QuinceyMorris · May 10, 2022, 4:57am

I don't really have a horse in this race, but I've been wondering over the past few days whether there might not be a different way of "assembling" all of the constituent parts that might satisfy most of the objections on both sides.

To construct a regex out of a string, you use syntax like this:

    let regex = Regex("…guts…") // <-- says "Regex"

To construct a regex in a builder, you use syntax like this:

    let regex = Regex { // <-- says "Regex"
        … builderGuts …
    }

and you can construct a builder regex (using proposed syntax) like this:

    let regex = Regex { /…guts…/ } // <-- says "Regex"  **(a)**

IIUC, the last construct is functionally equivalent to:

    let regex = /…guts…/ // <--- doesn't say "Regex"  **(b)**

Now, a number of people want the literal regex syntax to say that it's a regex, so that the meaning is clear regardless of how messy the literal guts are, or what delimiter is chosen.

It seems to me that it might be feasible to use (a) as the real regex literal syntax, and dropping (b) from the proposal.

What I have in mind is this:

Delimited regex literals would only be used inside a Regex { … } construct.
Inside that construct, the proposed "new" rules for lexical interpretation of the / symbol would apply.
Outside that construct, the existing rules for / would apply.
This is 100% not-source-breaking, because the Regex { … } construct does not currently exist.
Compiler Magic™ would allow the Regex type name to be recognized lexically as something sorta like the #regex symbol that some people have proposed.
If what's inside the braces is just a /-delimited regex literal, the whole expression is just a regex literal.
If what's inside the braces contains something other than (or as well as) a /-delimited literal, then it's a regex builder, not a regex literal. Multiple /-delimited literals would be allowed inside a builder without needing to nest them with additional Regex {…} syntax, so using lots of itty-bitty literals this way is no harder than originally proposed.

IOW, I'm suggesting something like #regex(…) literal syntax, but actually spelling it Regex {/…/}. Then, the interior of regex builders and literals would be the only lexical contexts where / is interpreted in a new way (for certain edge cases spelled out in the proposal).

The downsides here are:

The spelling of a top-level literal regex has a few more characters.

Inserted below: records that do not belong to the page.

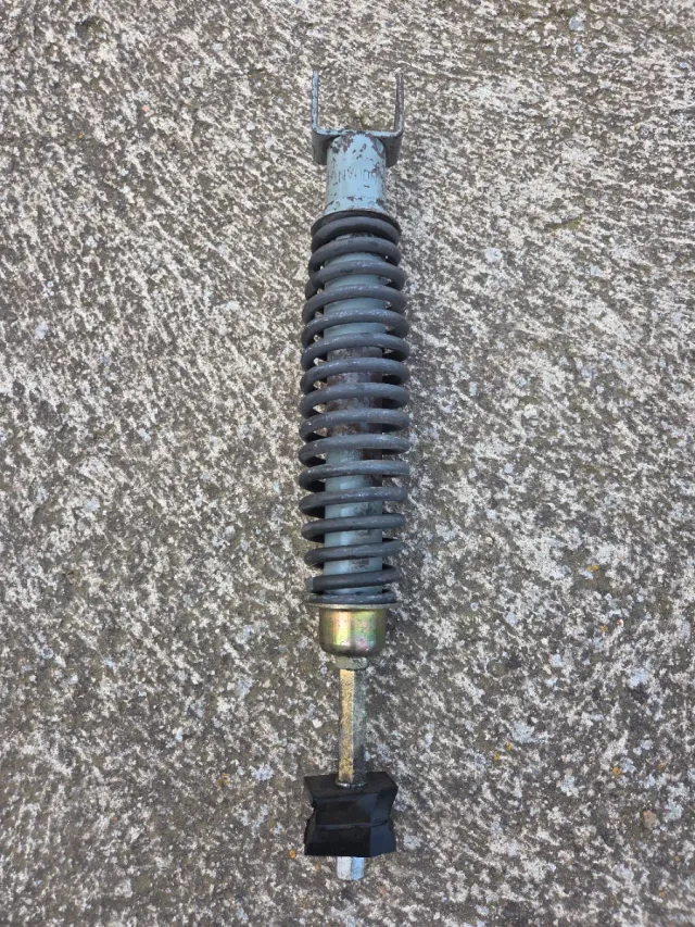 Suspensión trasera para Vespa 200. - Amortiguador con muelle. - Soporte superior en forma de U. - Goma inferior de protección.
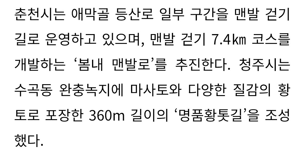 서울은 물론이고 전국 지자체에서 맨발산책로 조성중
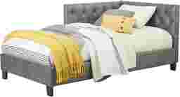 Cozy and cute, the Lucie corner bed creates a comfortable spot for your child to rest while expressing a little personality at the same time. This unique bed was designed to fit in tight corner spots, making it a great choice for smaller spaces. The reversible corner design allows you and your little one to customize the setup, while the low mattress height makes it the perfect first bed for your child. Upholstered in durable, easy to clean gray UltraHyde fabric, this bed features an additional plush headboard surface on the side against the wall to provide a soft surface no matter where your child lands. The headboard's side panel is adjustable, so you can place it on either side of the bed. With fully finished sides and back, it's easy to enjoy the flexibility this piece offers. Only use a mattress for this bed, no bunkie board or foundation required! Mattress and foundation (if required) sold separately. Bed shown is twin size.
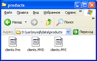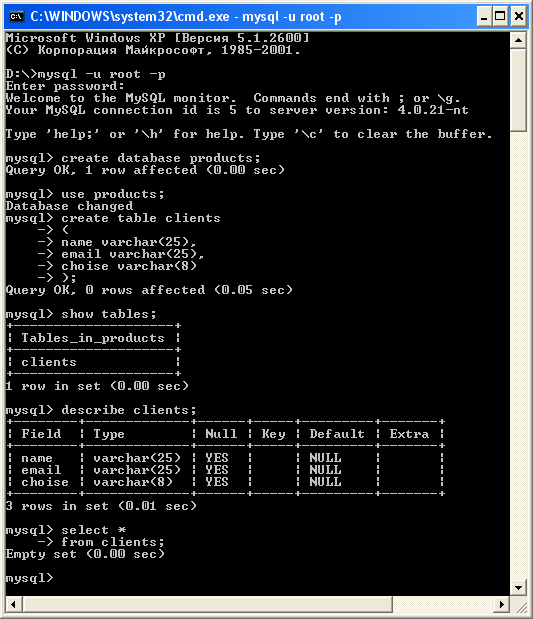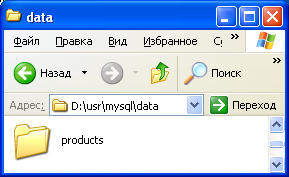 После этого следует набрать: mysql>use products;
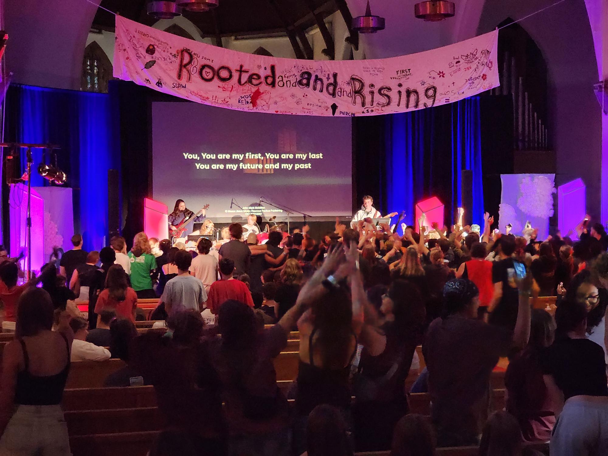 Over 300 youth attended CLAY 2025, arriving in Saskatoon from one end of Canada to the other. It was a gathering filled with music, fun, learning, and new friendships. Perhaps the highlight of the event was former Moderator of the United Church of Canada, Jordan Cantwell, who spoke several times during the large group meetings. Her reflections on her formation to ministry really expressed the theme of the event, “Rooted and Rising.” She encouraged the young people to continue to grow in their relationship and service to God, noting that there is a place for each and every one of them. One of the most important lessons expressed during CLAY was that the young people were not simply the future of the Church, but its present: having a role to play right now in faith and service, and with things to teach and to learn.
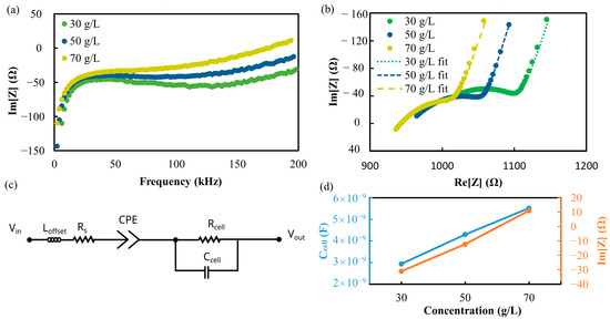 In a third step, impedance spectra of different yeast concentrations within 1 g/L sugar solution in normal water, 30 g/L, 50 g/L, and 70 g/L were recorded as shown in Figure 6a. The differences are more pronounced at higher frequencies, in accordance with the expected onset of β-dispersion. To obtain equivalent circuit parameters, the data were plotted as Nyquist diagrams in Figure 6b and fitted by ZView (Scribner Associates Inc.). As sketched in Figure 6c, an equivalent circuit was assumed including a solution resistance (Rs), a constant–phase-element (CPE) representing the double layer on the electrodes, a resistor (Rcell) connected in parallel with a capacitor (Ccell), and a small inductive contribution from the measuring electronics (Loffset) which caused the shift in the Nyquist diagram. Rcell‖Ccell represented the contribution of the cells.
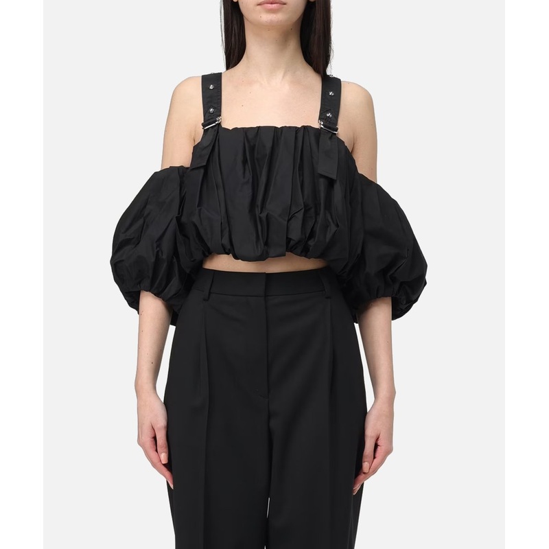 Cotton crop top with straight scoop neckline, adjustable contrasting shoulder straps and puff sleeves.

However, this can be seen as an advantage — every regex is introduced by the exact same Regex symbol without exception.
The rules for / are different in different places. However, the members of the core team who've weighed in here have consistently stated that they don't expect the new rules to confuse developers.

masters3d · May 10, 2022, 5:49am

Xcode already has special visual representation of literals like #imageLiteral(…)s so for folks who are using Xcode the same treatment could be applied to extended regex literals so they can be visually appealing when single line.

In most platforms folks can adopt code ligature fonts to mitigate unwanted noise if they choose.

For me /../ is such a foreign concept. It’s as if somebody told me that they wanted to use percentage signs %..% because historically this is the ways it’s been done.

johnno1962 · May 10, 2022, 8:13am

Have I got this right? We're suggesting hundreds, perhaps thousands of lines of existing code out there in the community have to move to this unattractive syntax so we can roll out bare /regex/ syntax on "aesthetic grounds" . If we are to deprecate on TCA, let's go the extra mile to a better end point where the syntax we're suggesting people have to take the trouble to move to could at least be \Authentication.authenticated which also solves the problem rather than this half way house.

All this so the very, very, very small number of people who will use the proposed syntax over the DSL version don't have to hold their nose and type a couple of extra #. What kind of preemptive "active harm" justification is this?

I believe if we are to pursue the bare regex syntax as a destination it will be a multi-year process that needs to be planned out thoughtfully rather than conspicuous specific source breaks of key open source projects not even being mentioned in the proposal which I find "odd".

If you can't see why this is receiving so much attention take time out of your day to watch the 5 free videos on the TCA homepage. It will enrich your programming life.

gwendal.roue · May 10, 2022, 11:05am

I have not used Case Paths yet, but I'm pretty sure that trying them is adopting them.

Case Paths are a great example of community-driven evolution. They provide a great service for building the kind of software that Swift is used for today.

And that's where I don't get why we're debating so much about regex literals. Is Swift about to become a fashionable alternative to sed, ruby, awk, or Perl? I'm quite versed in regex, and yet in years of Swift development, I think I can count on the fingers of one hand the number of times I needed some.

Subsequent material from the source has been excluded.